Осоловевшая от всех потрясений, я засыпаю на венском стуле, не в силах слезть с такой красоты и уйти от такой вкусноты. Дед уносит меня на постель. Я сплю, и мне снится, что наша комната в бараке стала большой, как у деда, и вместо одного, хоть и большого, нашего окна стало много окон. У каждого окна стоит венский диван и венский стул. На каждом диване лежит по коврижке, и я радуюсь, что такую вкуснятину от пуза наедятся все, и нашей бабушке оставим. Я вдыхаю запах коврижки и любуюсь красотой венских шедевров.
Утро меня радует солнышком и характерными звуками у печи:
–Вставай, Вера! Я новую коврижку тебе пеку, чтоб хватило.– Это вошла бабушка Нина, услышав, что я завозилась.
Вот оно счастье!
Мои одиночные гостевания или нас троих архаровцев у деда и его гостеприимной бабки Нины в течение последующих лет были всенепременным атрибутом нашей летней жизни.
И вот я снова у них. И снова меня разбудил запах незабвенной коврижки.

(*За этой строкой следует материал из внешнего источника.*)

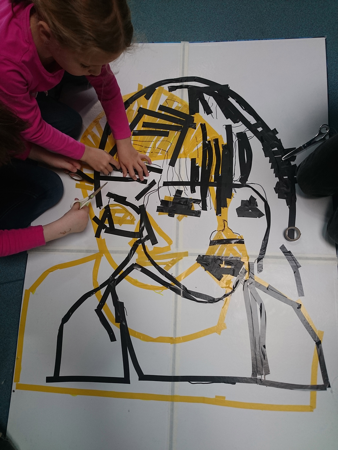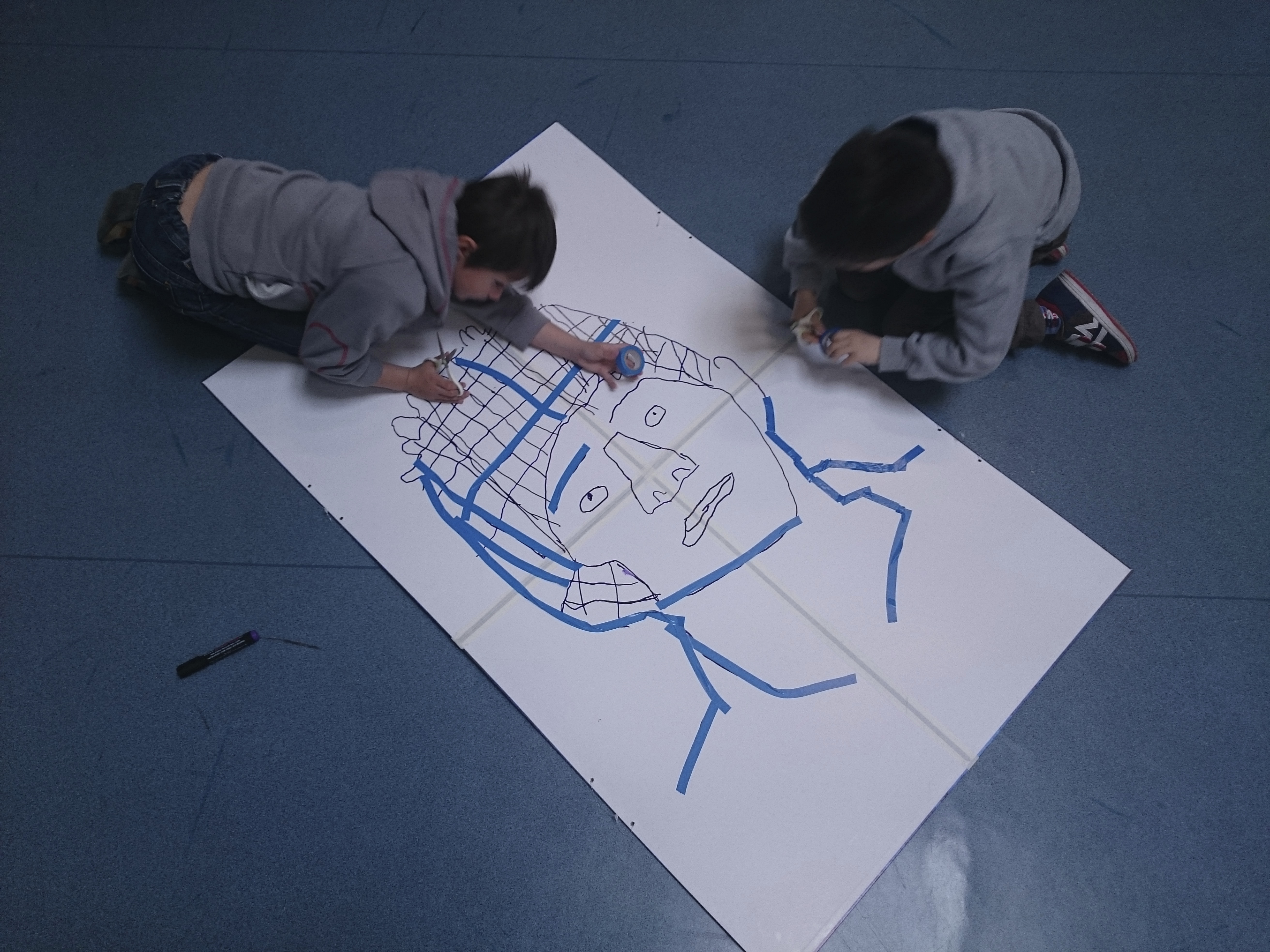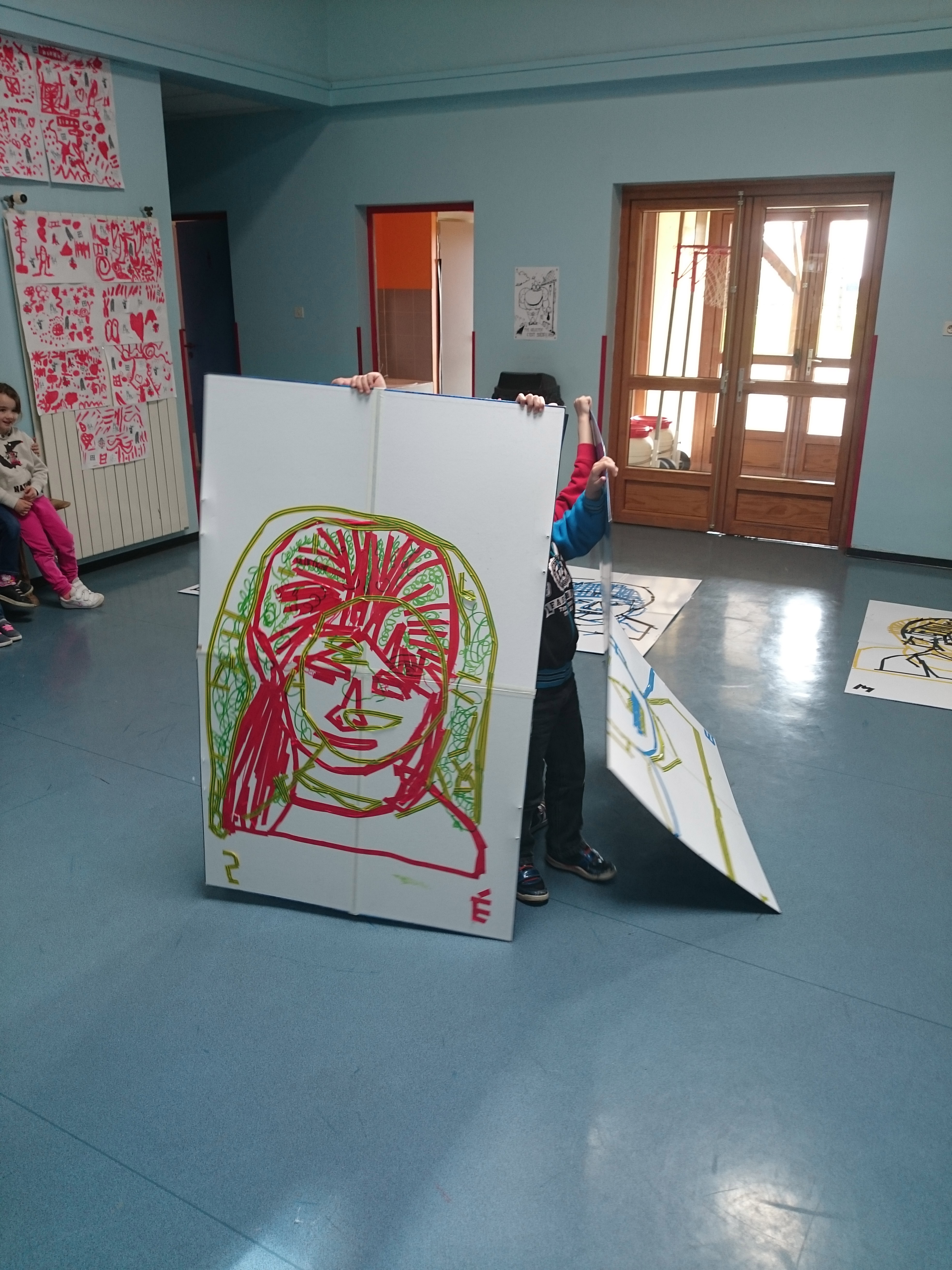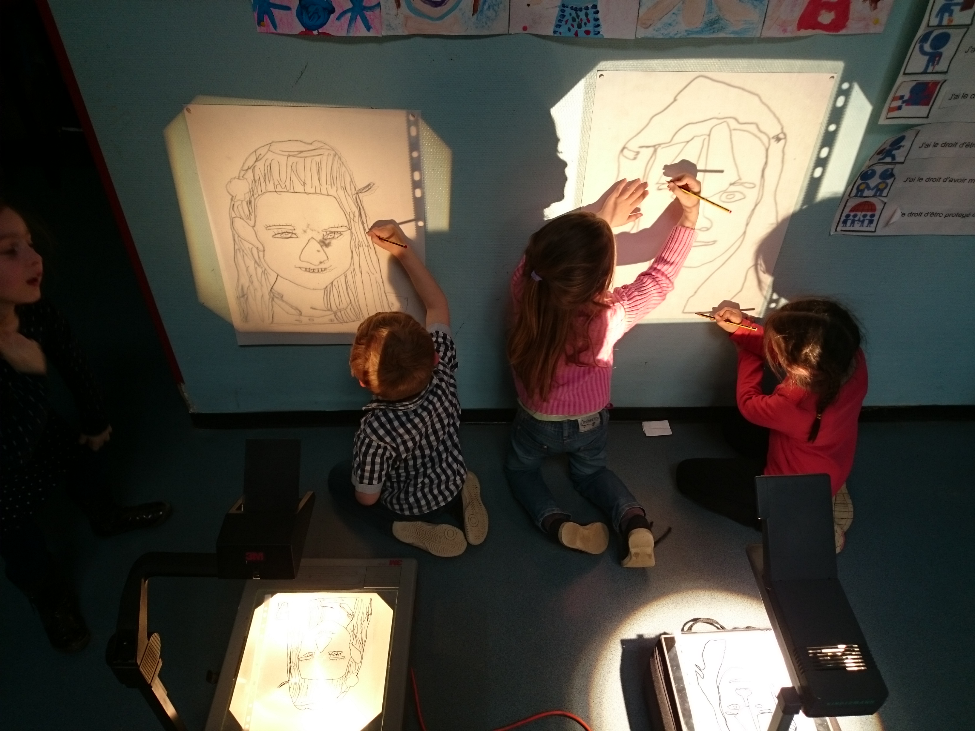 Les enfants ont dessiné leurs autoportraits sur des transparents pour ensuite être projetés sur de grande plaque (via un vidéo projecteur) dans le but d’expérimenter plusieurs procédés graphiques (décalage, agrandissements…). Par la suite, ils ont « dessiné » la projection avec du scotch. Leurs productions d’auto portrait-géants ont ensuite été exposés à la médiathèque d’Yvetot, au cours de la dernière période de l’année scolaire.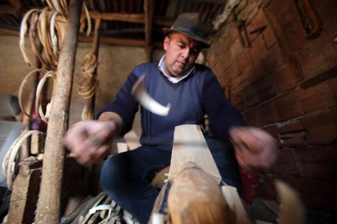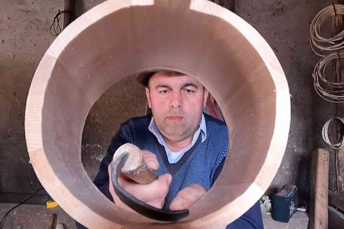 "İlk önce çubuğunu siliyoruz, sonra yarma işini yapıyoruz, sonra tahtanın içini siliyoruz, rendeye vuruyoruz, daha sonra diğer işlemleri gerçekleştiriyoruz. Günde 4-5 tane yapıyoruz. Ağacı ormandan getiriyoruz, oradan ağacı alıyoruz kurumaya bırakıp siliyoruz. Sildikten sonra işliyorsun. Tamamen doğal. Plastik kapta yoğurt yemektense bundan yemek daha iyi. Yoğurdun acı suyunu da çekiyor, yoğurda ayrı bir lezzet veriyor. Herkese tavsiye ediyorum."

Мы завтракаем, и бабушка говорит мне, что я уже совсем своя и не должна стесняться, а есть коврижку, сколько хочу.
Я ем и слушаю разговор деда и бабки. Они решают, в какой магазин им лучше идти. Я начинаю волноваться:
–А я?
– Куда же мы без тебя! Собирайся! Мамка твоя сказала, что ты совсем выросла из пальто, Идем покупать! Подарок тебе к первому классу.

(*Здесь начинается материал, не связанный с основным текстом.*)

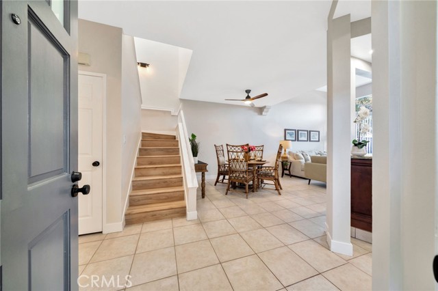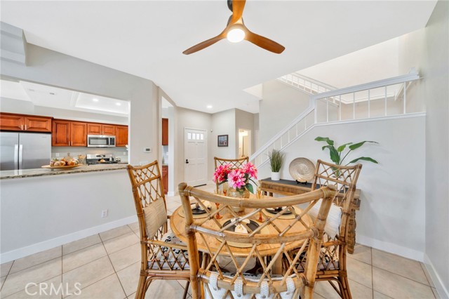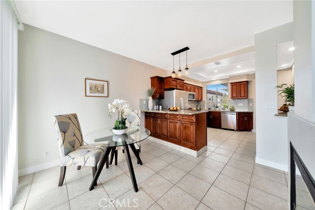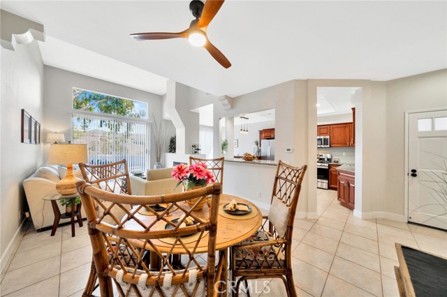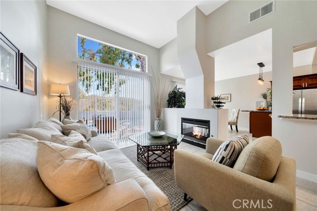Welcome to your dream home! This beautiful two-story townhome is nestled in Rancho Santa Margarita; a vibrant community rated the safest city in California. 1,644 square foot layout with 3 spacious bedrooms and 2.5 updated bathrooms. Ideal, end of cul-de-sac location, with serene canyon views. The reimagined kitchen has been expanded and opened to adjoining living and dining rooms, enhancing a very comfortable living space. Features include granite counters, updated backsplash, stainless steel appliances (range and refrigerator are new), breakfast nook, and recessed lighting. The spacious dining and living rooms transition seamlessly and feature a cozy two-way fireplace (opposite side is in the breakfast nook). Two large sliding glass windows provide plenty of natural light, and open to a large back patio. The added outdoor space is perfect for larger gatherings (or just enjoying the environment). Upstairs: The large master suite features a sliding glass window (with canyon and sunrise views), balcony, and walk-in closet. The en-suite bathroom includes new garden tub with tile surround (and shampoo niche), new quartz counters, lighting, and plumbing fixtures. The hall bathroom has also been updated with new tub / shower surround, vanity, and plumbing fixtures. The 2nd and 3rd bedrooms provide ample room for queen beds and plenty of closet space. Hard surface flooring throughout, with tile downstairs and attractive luxury vinyl plank floors on the stairs and 2nd floor. In addition to the Candelero pool, your SAMLARC membership includes access to all the city-wide amenities, such as: multiple swimming pools, the Beach Club w/ sand bottom swimming lagoon, basketball, tennis, pickleball, and volleyball courts, clubhouse, parks, and fishing. Other local features: great schools, a skate park, dog park, miles of hiking & biking trails, and the Tijeras Creek golf course. Low property taxes (approximately 1.02%) Welcome to Rancho Santa Margarita, a great place to live!

Мы идем по той же главной улице, почти до пристани, но сворачиваем на большую площадь, где много каменных здоровенных домов, аж в два и три этажа. У нас таких нет.
Около одного, самого большого снует много людей.
–Это универмаг,– говорит бабушка.
Я смутно помню это универмаг, но я помню, как я стою перед большим зеркалом, и на меня дед надевает самое красивое пальто, синее, с хлястиком, с красивым воротником.
Они с бабушкой просят продавщицу принести ещё одно, побольше, на вырост, но большего размера нет, а это тика в тику. Бабушка ищет на вешалках другие, но я не хочу снимать с себя это. Дед с бабкой смиряются, и я иду домой с большим пакетом, прижимая его к себе и, сияя от счастья. Это первое своё покупное, а не сшитое бабушкой, и красивое пальто я часто вспоминаю. Мне приятно вновь вспомнить тот восторг. Я носила это пальто много зим, попеременно с тонкими шубками из каких-то зверьков, название которым я забыла. Родители каждый год покупали нам обновы в низовьях Оби в магазинах городков, имеющих дефицитное северное снабжение. Но шубки быстро издирались от катания на горках, и я вновь влазила в добротное пальто от моего деда.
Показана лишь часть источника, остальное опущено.